◆ **Supplied material**:

= = = = = = =

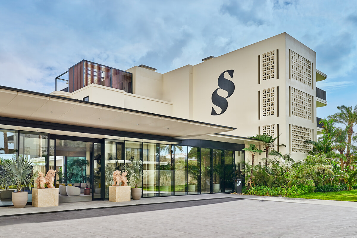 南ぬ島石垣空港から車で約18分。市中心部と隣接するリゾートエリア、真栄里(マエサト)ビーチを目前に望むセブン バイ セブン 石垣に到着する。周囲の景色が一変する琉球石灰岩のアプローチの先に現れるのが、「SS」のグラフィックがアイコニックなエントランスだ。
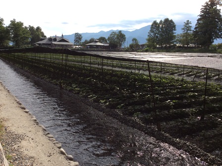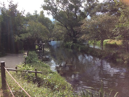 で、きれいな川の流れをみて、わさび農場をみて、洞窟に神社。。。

= = = = = = =

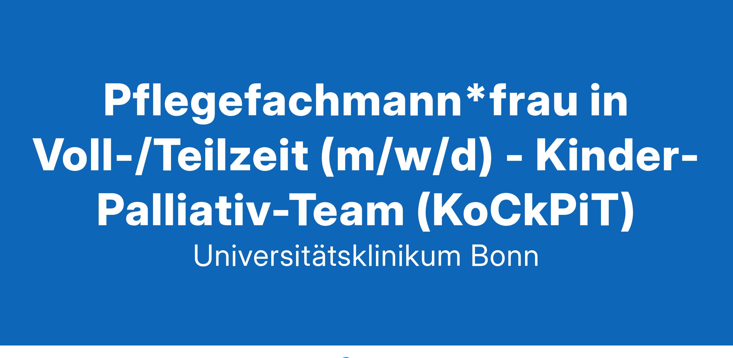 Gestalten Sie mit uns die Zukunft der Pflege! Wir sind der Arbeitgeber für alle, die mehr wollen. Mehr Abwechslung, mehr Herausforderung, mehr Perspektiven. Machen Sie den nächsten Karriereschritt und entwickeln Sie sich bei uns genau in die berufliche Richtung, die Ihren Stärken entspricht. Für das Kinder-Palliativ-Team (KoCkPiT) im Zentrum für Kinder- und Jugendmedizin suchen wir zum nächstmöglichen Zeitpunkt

= = = = = = =

◆ **Exercise prompt**: Take the material above and output only the lines from the one that contains "南ぬ島石垣空港から車で約18分。市中心部と隣接するリゾートエリア、真栄里(マエサト)ビーチを目前に望むセブン バイ セブン" through the one that contains "で、きれいな川の流れをみて、わさび農場をみて、洞窟に神社。。。", ends included and images left out.

◆ **Answer space**:
 南ぬ島石垣空港から車で約18分。市中心部と隣接するリゾートエリア、真栄里(マエサト)ビーチを目前に望むセブン バイ セブン 石垣に到着する。周囲の景色が一変する琉球石灰岩のアプローチの先に現れるのが、「SS」のグラフィックがアイコニックなエントランスだ。
 で、きれいな川の流れをみて、わさび農場をみて、洞窟に神社。。。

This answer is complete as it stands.